Get Cereus

Just the other day, a neighbor told me that his night-blooming cereus—which of course was heavy with buds—was given to him by his grandmother, who got her start from Chestina Welty at a garden club gathering in Jackson.

Since moving to Jackson twenty years ago, I’ve heard variations of this story ad nauseum from every Tom, Dick, and Harriet I run into. Most will tell you that Eudora gave a cereus cutting to their mother/aunt/sister/nelly uncle, or to some hitchhiker she picked up on the Trace. To admit—as I often do, with characteristic tactlessness —that your “Queen of the Night” is of dubious lineage puts you in a dim, refrigerated social limbo next to a browning head of iceburg lettuce.

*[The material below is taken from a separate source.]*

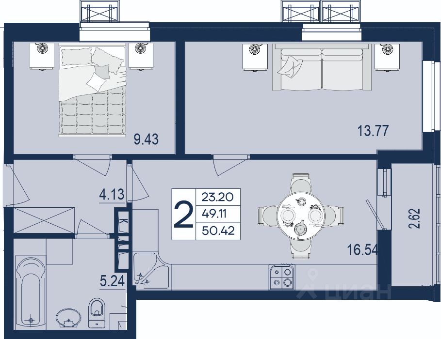 2 комнатная квартира с ремонтом 50.42 м², на 8 этаже в жилом комплексе "Дом 101". ЖК Дом 101 - это уникальное пространство на территории 101 га. Парк 20 га с спортивными площадками и амфитеатром. Школа на 1725 мест и пять детских садов. Благоустроенные дворовые территории с детскими площадками и зонами отдыха создают комфортную среду для семей. 429

The proliferation of Welty night-blooming cereuses mimic the properties of the True Cross, whose fragments once proliferated throughout Christendom to profit the papacy, but we can’t fault the Mississippi Department of Archives and History for peddling the Welty cereus rather much like Borgias did Holy Splinters: MDAH must get  those museum roofs plugged up somehow.

In the end, nobody can possibly certify that their beautiful Mississippi blossom is a blue-blood Welty or just some pass-along white trash epiphyllum somebody stole from off the porch of a double-wide in Scott County.